A few things you should be aware of, just in case it becomes bothersome. Some file system related system calls do not work as expected. Specifically sendfile(). Also, chattr and lsattr are not implemented in the Virtuozzo File System, so anything using these tools will spit out a warning.

Lastly, if you need specialized kernel features then you aren't really a VDS candidate. The Virutozzo kernel is hardened and implemented with the virtualization tools.

Generally speaking, Virtuozzo does do everything you'd ever need in a virtual server, but their virtualized interfaces do lag a bit behind.

To keep your VDS updated with the latest packages, I recommend taking a look at apt for RedHat at http://apt.freshmeat.net. It's an excellent alternative to up2date and requires no registration.

I am using the standard redhat VDS at Servint.

APF will not run.... if someone has made it work I would be interested in learning how you did it, what changes did you make.

You are allowed max 50 rules for iptables. You have to use address based rules instead of interface based rules.

As an example:

venet0 - 127.0.0.1
venet0:1 - IP number 1
venet0:2 - IP number 2
venet0:3 - IP number 3
venet0:4 - IP number 4

Also, it (was) using very old rpms - early rh7.3 stuff - I updated everything to current rh releases. up2date/webmin are not installed, you have to install them. The kernel that they use is highly customized for the vds environment - could be a good thing or a bad thing.

quotas are not enabled on my vds, you have one mount point (/) and everything is under that.

When I run:

service apf start

I am getting this error:

Starting APF:Unable to load iptables module (ip_tables), aborting.

Any help would be appreciated...

Kind Regards,
Will

Thanks for all of the info. everyone.

Interesting that someone commented that the VPS comes with some older things installed. I had thought that it was a managed VPS and would have expected it to come pretty up-to-date. Anyone from ServInt who might be reading this board care to comment?

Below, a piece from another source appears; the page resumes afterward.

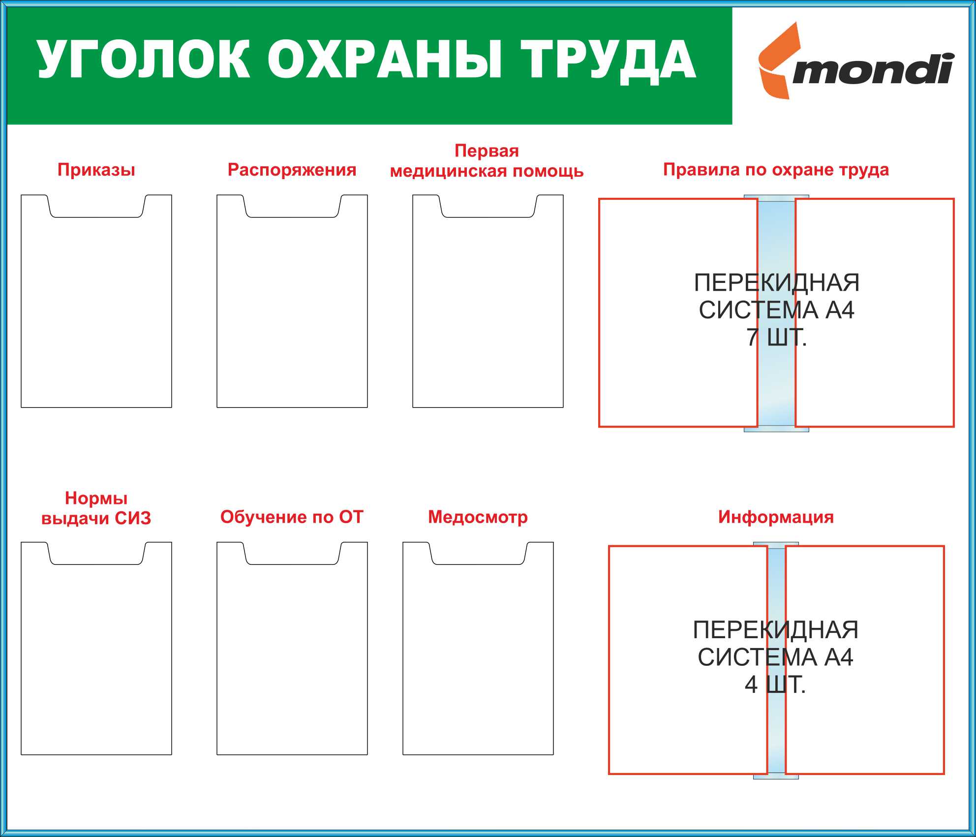 Стенд Уголок охраны труда в индивид. упаковке, карманы плоские А4 -6шт, перек. система А4 на 6 рамок (1400х1200; Пластик ПВХ 4 мм; Профиль ластиковый синий)

Regarding the firewall, there were several folks who mentioned that they or their clients had successfully installed one. For those who have, which one was used (anything other than the iptables mentioned)?

Originally posted by DigiMan
Thanks for all of the info. everyone.

Interesting that someone commented that the VPS comes with some older things installed. I had thought that it was a managed VPS and would have expected it to come pretty up-to-date. Anyone from ServInt who might be reading this board care to comment?

Regarding the firewall, there were several folks who mentioned that they or their clients had successfully installed one. For those who have, which one was used (anything other than the iptables mentioned)?

Virtuozzo 2.5.1 just came out recently, and we're in the process of updating our servers. This should update the versions referenced as "old" in related posts. Because we aren't willing to reboot any of these servers in an effort to minimize downtime and want to ensure everything is properly tested, what we're doing is bringing up new clean servers, installing 2.5.1 on them, then migrating the VPS accounts from old servers to updated ones. All VPS server upgrades should be complete within the next week.

I am running MRTG currently , albeit grabbing data from other devices.

BobFarmer:

Thanks for the info. Does that mean that the security patch/managed references on the VPS page only refer to Virtuozzo releases?

For example, if RedHat were to release a critical update would it be installed on release (assuming of course that the individual VPS owners could choose how they want ServInt to handle their updates)?

Thanks.

@BoBFarmer

What is with the quota support?

SpiritAu

Seems it dosn't support quota's.
Totally destorying the plans we had...


DizixCom

quotas work as well if this is Virtuozzo 2.5, but they have to be enabled by the provider when creating the VDS.

DigiMan, updates are not installed for you unless you request them individually, you might as well type up2date -u yourself or setup a daily cronjob.

And for the kernel, last time there was a RH advisory it was on the 1st and on the third we got a new kernel, but I have no idea if this was related to the problem.